Keep in mind though, if you set a variable equals to the value of the slice, you are essentially copying the slice header itself, not dereferencing it. Example:

        l := *b

        l[0] = 255

...

b original pointer: 0xc00000c060

pointer for l     : 0xc0000180f8

b   = [255 254 253 100 101]

Notice the address for l has changed to a new one, similar to k when passing in as value.

Premature Optimization?

Now, if you notice the differences, the only gain for you to pass in as pointer is that you avoided the function copying mechanism at the expense of the weird parenthesis notation. Consider the clean version:

func runWithPointer(b *[]byte) {

        (*b)[1] = 254

        c := (*b)[0:2]

        ...

}

func runWithLocalVariablePointer(b *[]byte) {

        l := *b

        l[1] = 254

        c := l[0:2]

        ...

}

func runWithoutPointer(k []byte) {

        k[2] = 253

        c := k[0:2]

        ...

}

Of course runWithoutPointer is recommended since it is clean and tidy. This is why the Go community recommends not to pass slice as pointer.

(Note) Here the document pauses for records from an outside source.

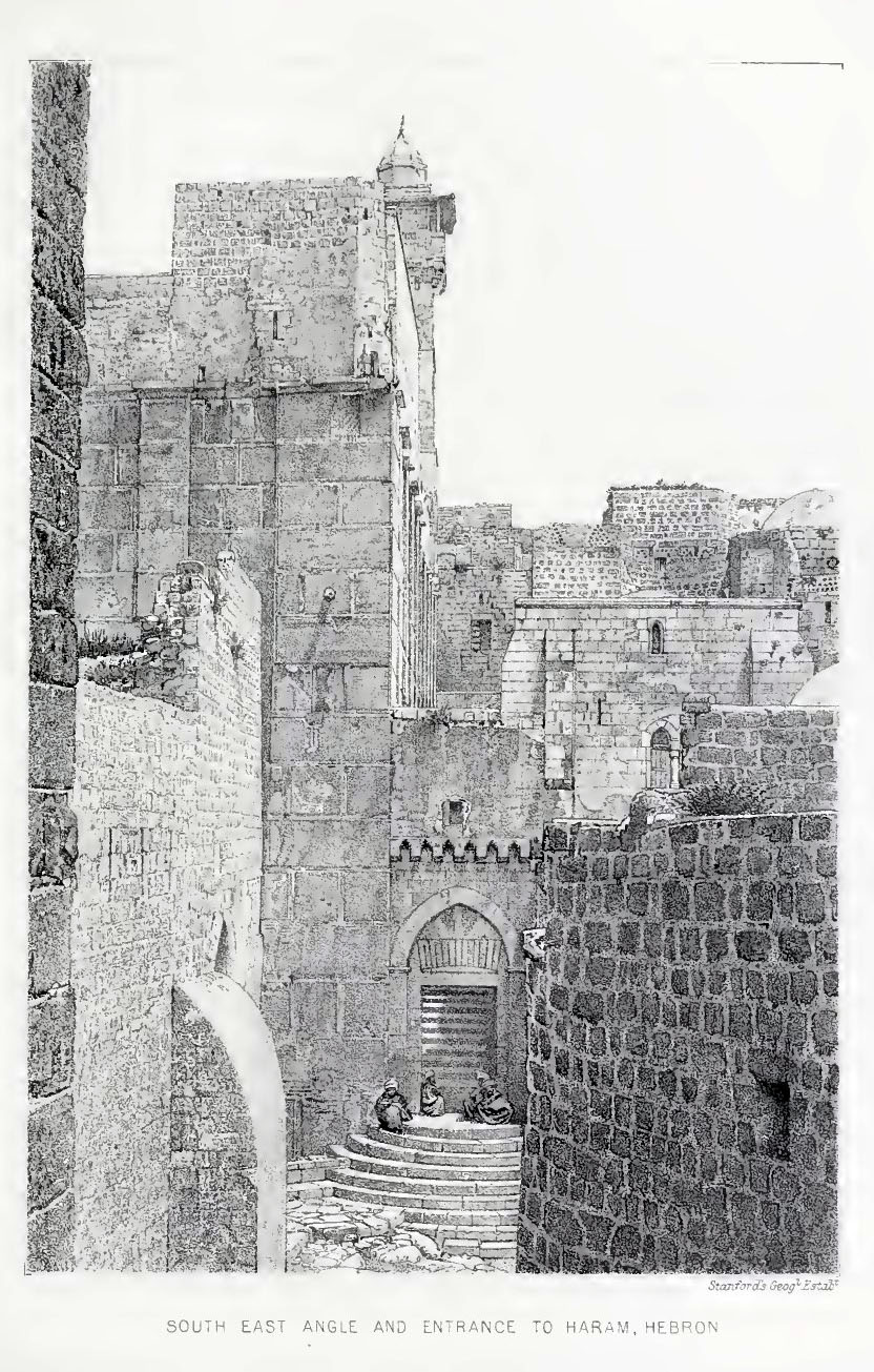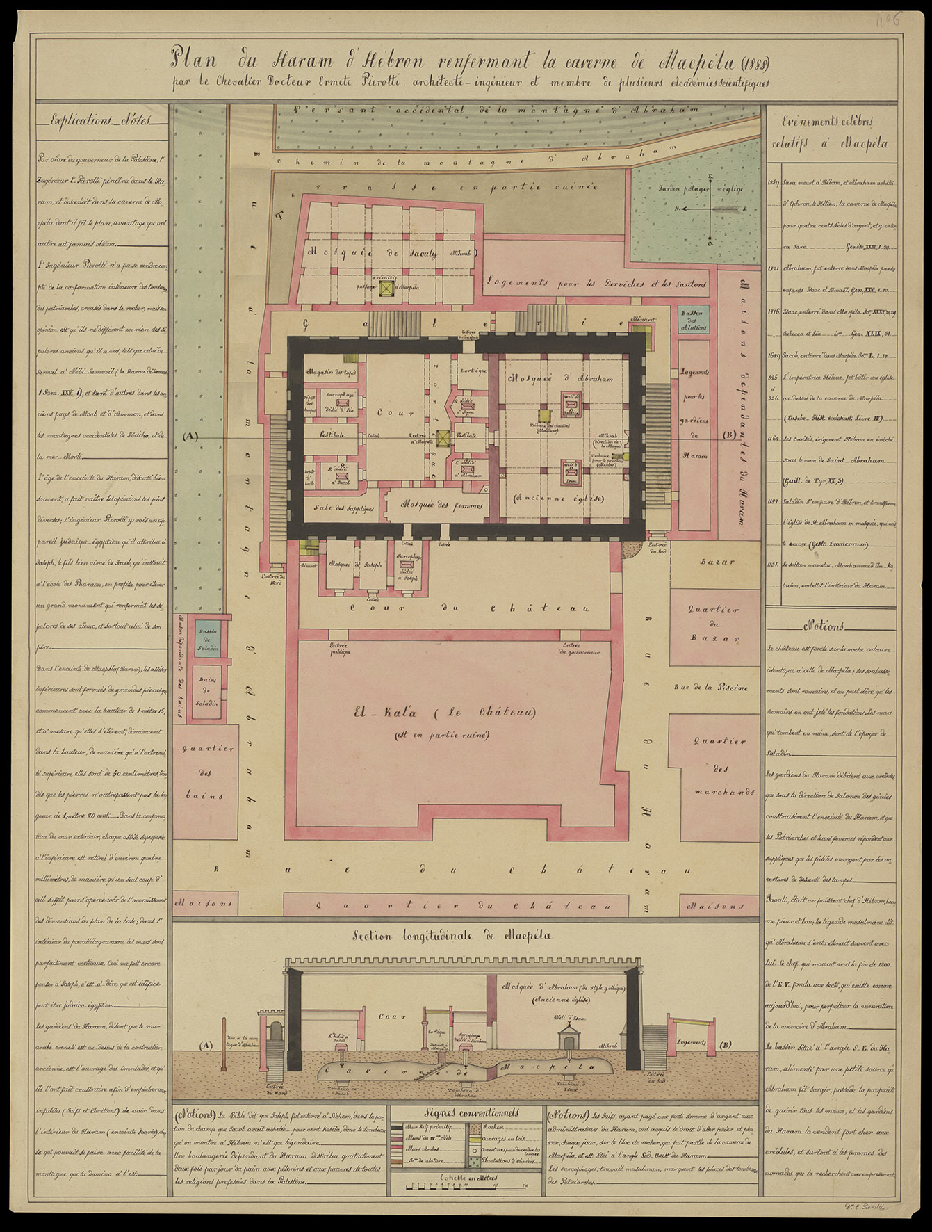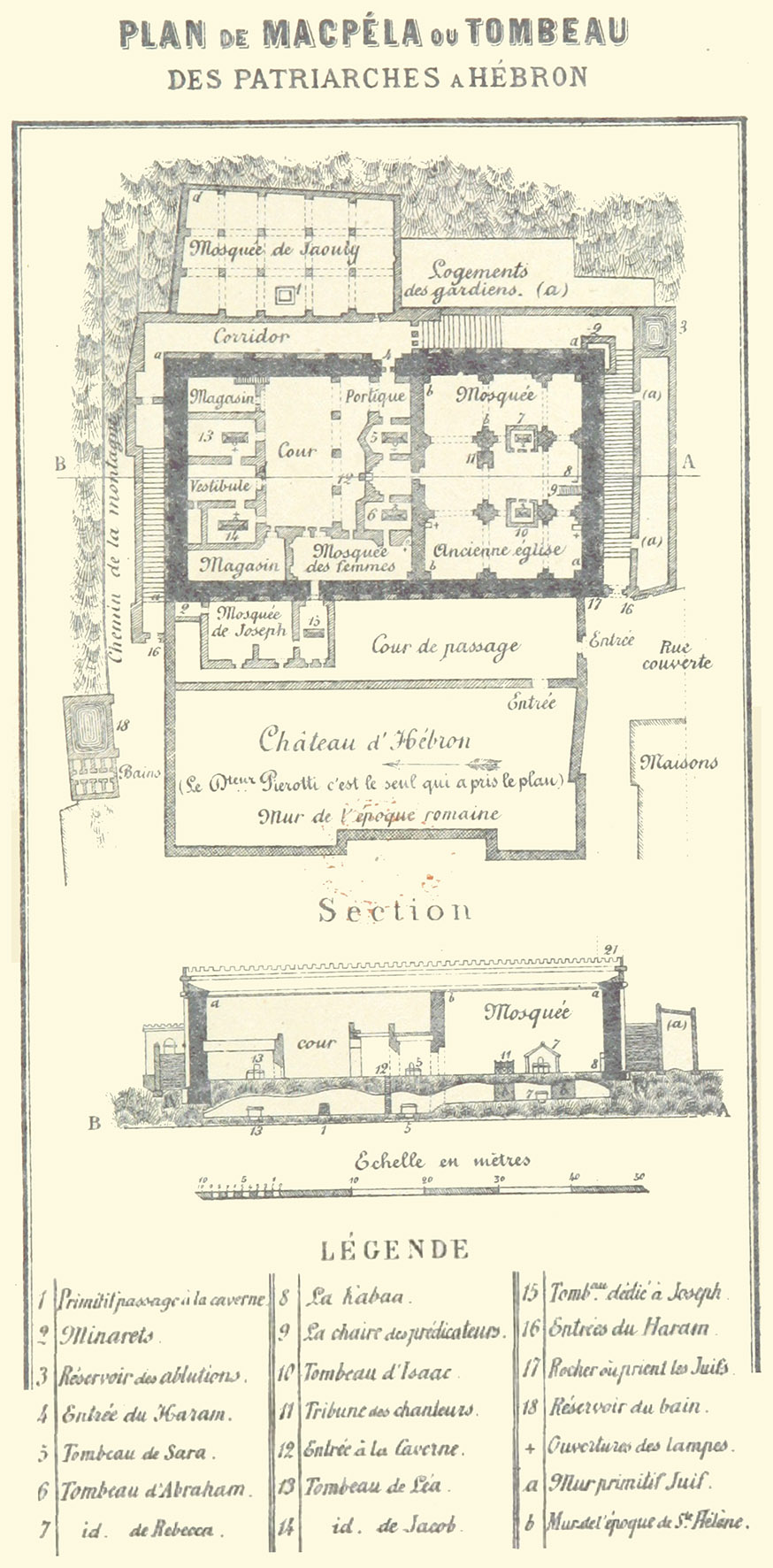 Le château d’Hébron est fondé sur la roche calcaire identique à celle de Macpela ; ses soubassements sont romains et on peut dire avec certitude qu’ils en ont jeté les fondations. Les murs sont actuellement ruinés de tous côtés, cependant ils abritent une petite garnison ; dans peu de temps tout sera ruiné, et ceux qui voudront construire des maisons en prendront les pierres ; la fataliste Sublime Porte ne s’en emeut pas. L’intérieur du château offre un amalgame d’escaliers, d’entrées obscures, de chambres incommodes et mal disposées, voilà pourquoi j’ai trouvé inutile de la reproduire sur mon plan ; tout un est un ouvrage de chagements successifs arabes faits dans les sièvles passés. Bien des voyageurs croient que de la terrasse crevassée ils peuvent satisfaire leur ardente et juste curiosité d’examiner de près l’ancienne enceinte, et de pouvoir même voir quelque chose de l’intérieur ; mais c’est une erreur ; l’observateur est trompé, […].
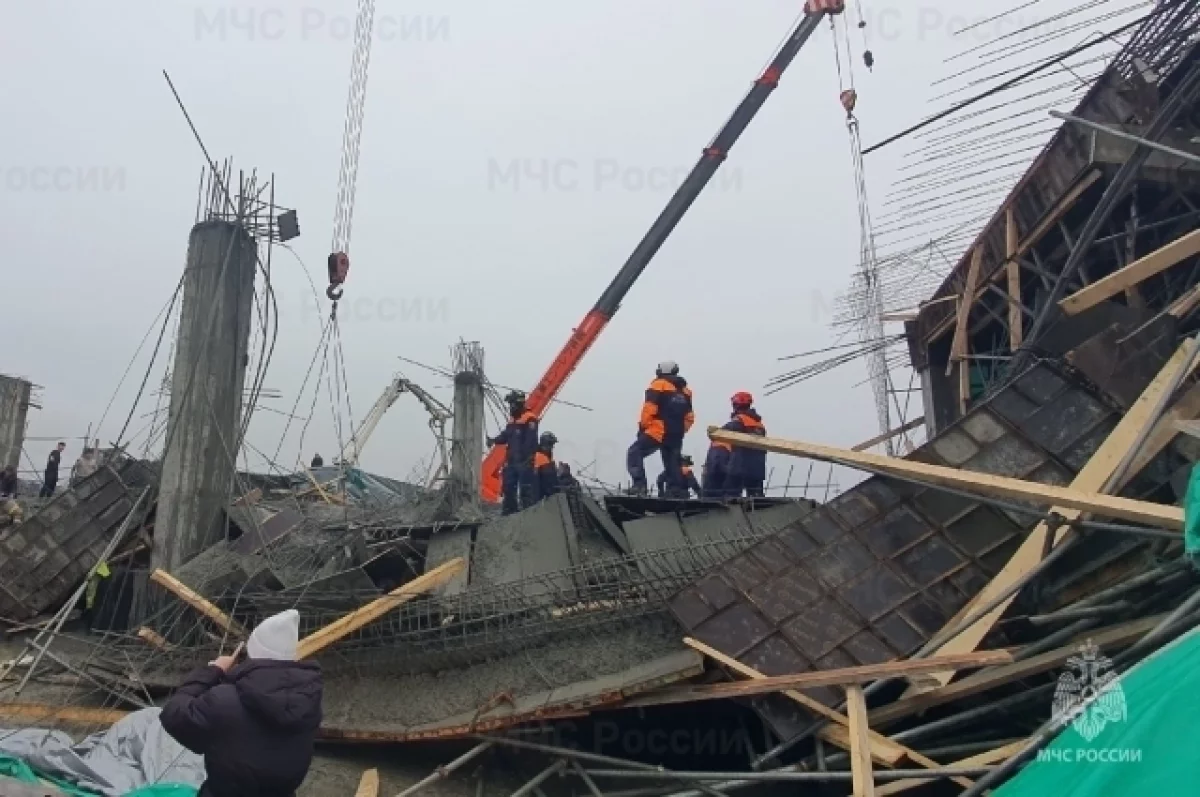Рабочие под завалами и бетоном. Кадры с места обрушения здания на Сахалине
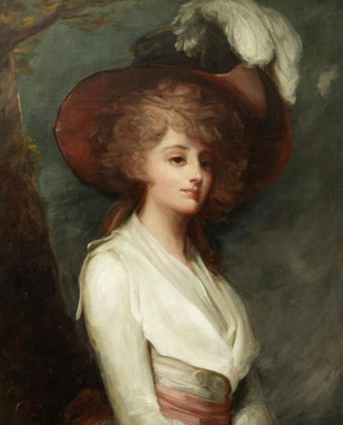 | Portrait of a young lady, three-quarter-length, in a white dress with a pink sash and a feathered hat, standing before a tree in | |
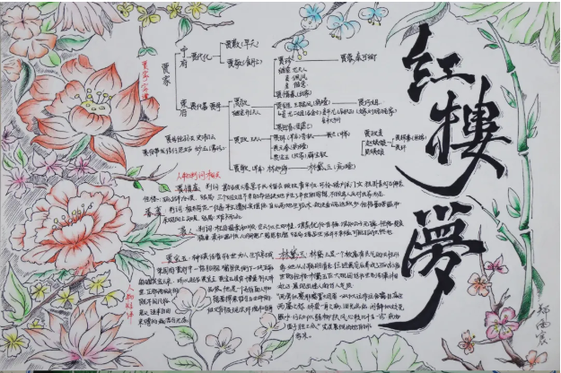 此外,在手抄報(bào)中,同學(xué)們還通過圖表清晰地梳理并繪制了《紅樓夢》中賈府主要人物的關(guān)系圖譜,并且為寧、榮兩府編纂了家譜。同學(xué)們巧妙地結(jié)合原著中的判詞,對人物性格、命運(yùn)軌跡進(jìn)行了深入剖析。林黛玉的才情與多愁善感,薛寶釵的端莊與溫婉,王熙鳳的精明與強(qiáng)干,賈寶玉的叛逆與純真……都一一躍然紙上,栩栩如生,讓人不禁感嘆同學(xué)們對人物形象的精準(zhǔn)把握。這些充滿創(chuàng)意與才情的作品,無疑為瀘州高中的校園增添了一抹亮麗的文學(xué)色彩。
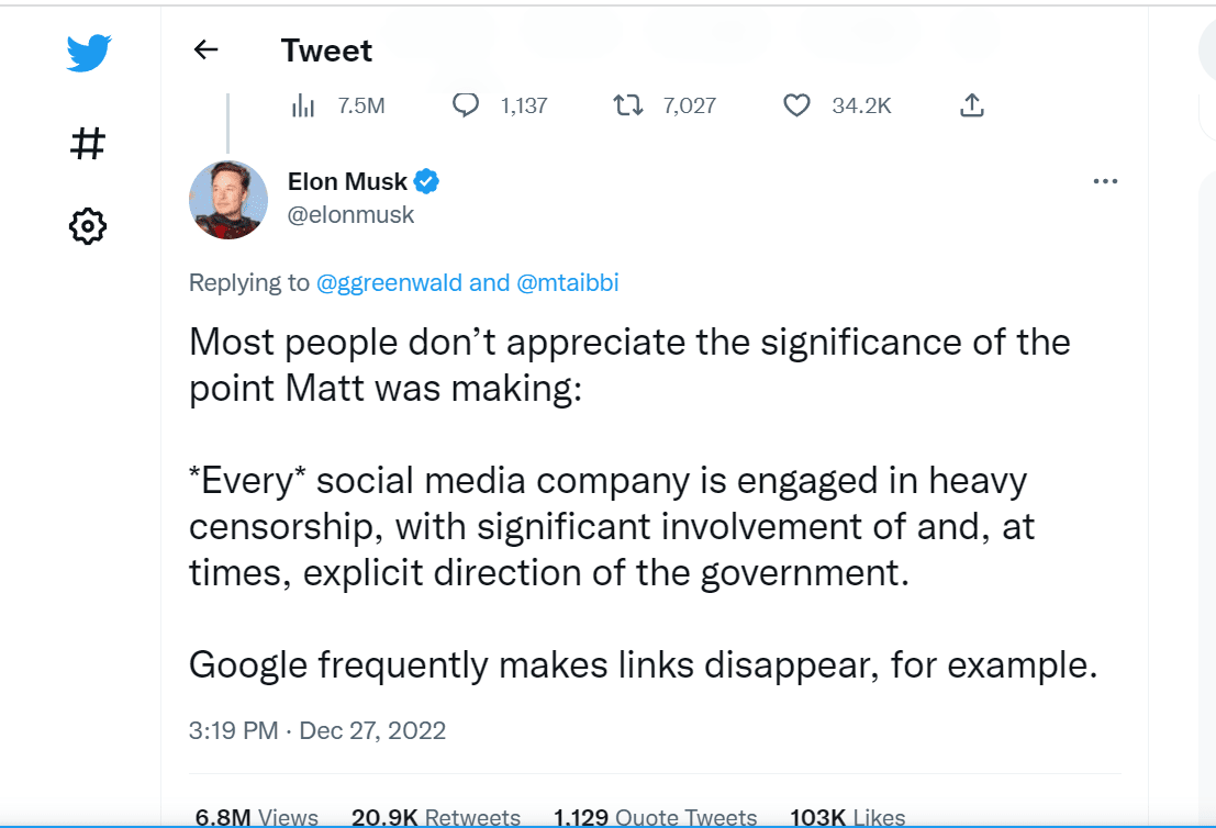 „*Секоја* компанија за социјални медиуми е ангажирана во тешка цензура, со значителна инволвираност и, понекогаш, експлицитна насока на владата“, напиша Маск на Твитер, додавајќи дека „Гугл често прави линкови да исчезнуваат, на пример“.
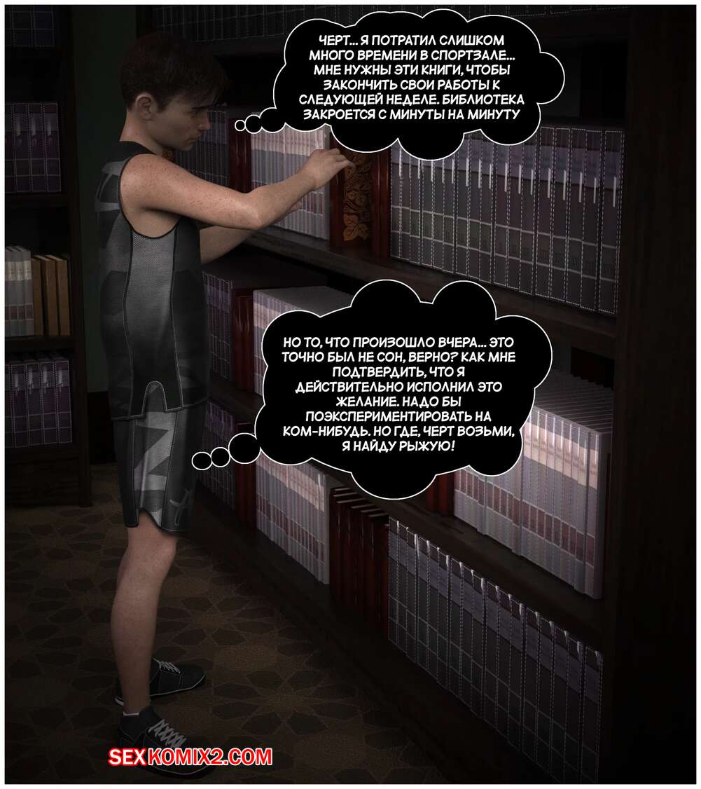 Порно комикс Желание. Часть 2. The wish. Manual focus Молодой парень пришел в библоитеку к горячей рыжей милфе и загадал желание. Красотка разделась и стала сосать большой хуй парня, после чего дала ему себя выебать.
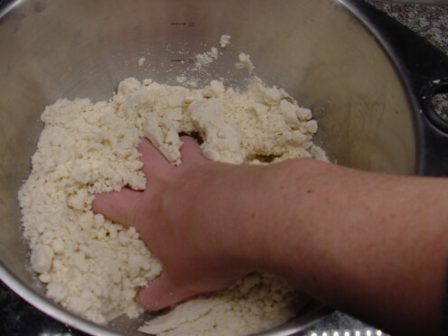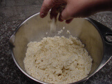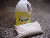 Because Jelly Bean still wants to experience everything with her tongue, I made a taste-safe recipe using 8 parts flour and 1 part vegetable oil. You can stir these ingredients together, use a masher, or use your hands, which I obviously chose the latter.
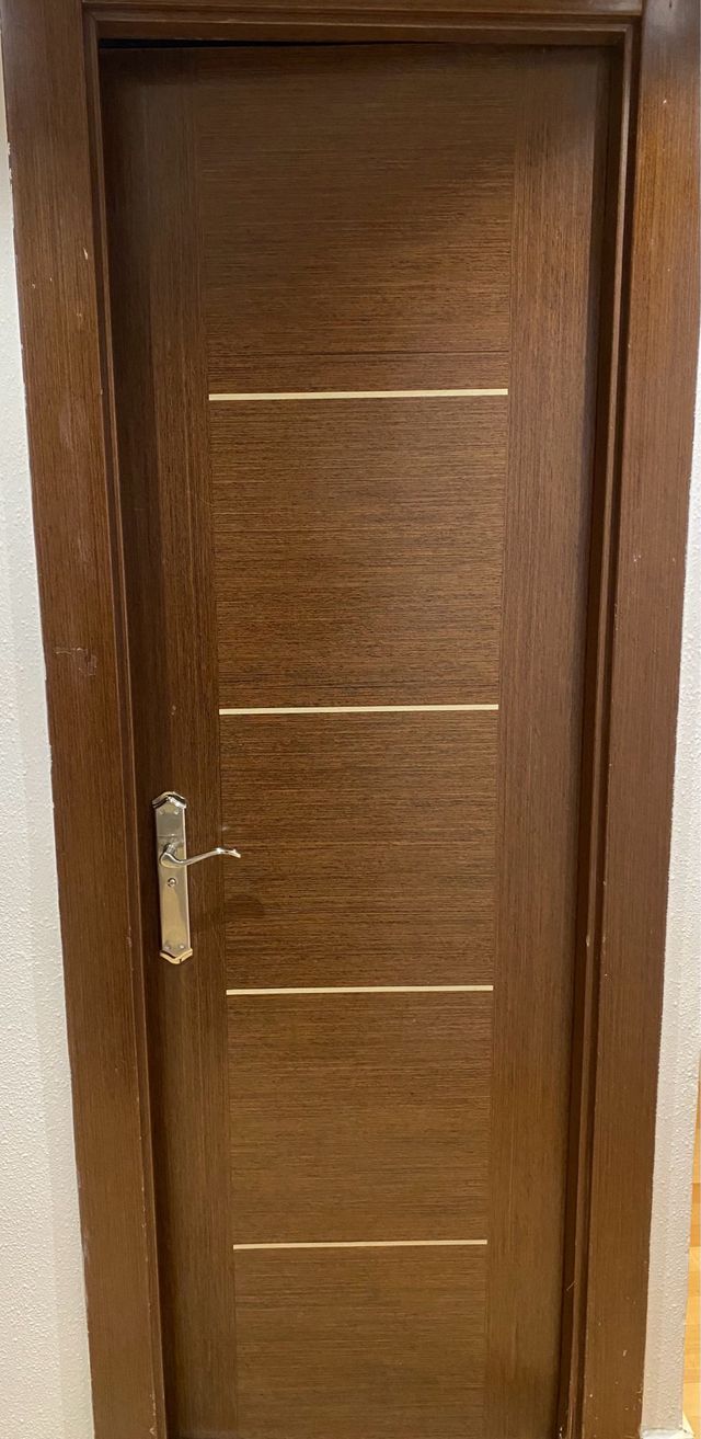 Puerta de interior de madera oscura - Incluye manilla plateada.
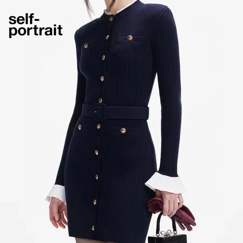 Self-Portrait 셀프 포트레이트 네이비 골드버튼 니트 셔츠 드레스

However, it does not means you cannot use runWithPointer. It is just the Go community will frown upon it since the gain not worth sacrificing the readability. Specify a local variable copy like runWithLocalVariablePointer does is essentially the same as runWithPointer.

Besides, a lot of folks are scared of pointer (no idea why) so maintaining the pointer convention can be a pain at some point.

Conversion

Array to Slice

You can easily convert an array to a slice by using the array boundary selector and select all elements in the slice. Example:

array := [5]byte{0x02, 0x03, 0x04, 0x05, 0x06}

slice = array[:]

This is a direct array to slice conversion when both array and slice shares the same length. DO NOT delete the array since slice relies on it to point towards the memory.

Otherwise, you need to perform manual copy using append function. Example:

slice = []byte{}

slice = append(slice, a[:]...)

Slice to Array

Slice to array requires you to copy the slice components into the a newly built slice. Example:

slice := []byte{0x02, 0x03, 0x04, 0x05, 0x06}

var array [5]byte

copy(array[:], slice)

That's all about slices in Go.